Problem description: What you return should match the material below line for line, except that no image appears in it.

Data excerpt:
_ _ _ _ _ _ _

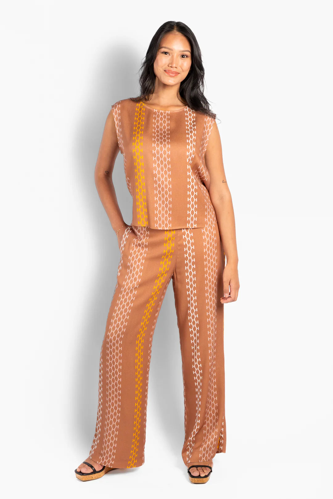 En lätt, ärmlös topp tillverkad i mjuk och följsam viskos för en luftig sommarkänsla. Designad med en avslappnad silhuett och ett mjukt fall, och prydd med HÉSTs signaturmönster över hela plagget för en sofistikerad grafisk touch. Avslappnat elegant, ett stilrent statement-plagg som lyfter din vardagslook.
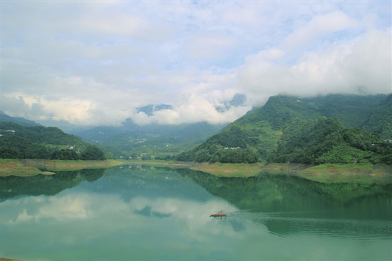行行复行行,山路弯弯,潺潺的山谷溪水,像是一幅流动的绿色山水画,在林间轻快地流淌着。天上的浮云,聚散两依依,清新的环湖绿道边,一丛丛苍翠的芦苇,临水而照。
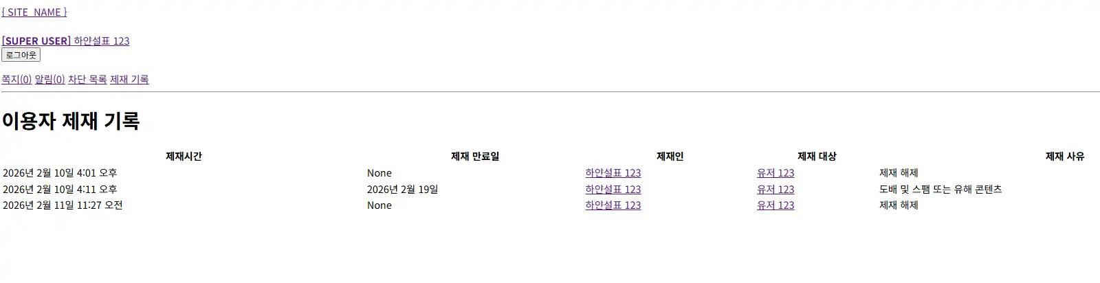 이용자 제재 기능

_ _ _ _ _ _ _

Response to the exercise:
 En lätt, ärmlös topp tillverkad i mjuk och följsam viskos för en luftig sommarkänsla. Designad med en avslappnad silhuett och ett mjukt fall, och prydd med HÉSTs signaturmönster över hela plagget för en sofistikerad grafisk touch. Avslappnat elegant, ett stilrent statement-plagg som lyfter din vardagslook.
行行复行行,山路弯弯,潺潺的山谷溪水,像是一幅流动的绿色山水画,在林间轻快地流淌着。天上的浮云,聚散两依依,清新的环湖绿道边,一丛丛苍翠的芦苇,临水而照。
 이용자 제재 기능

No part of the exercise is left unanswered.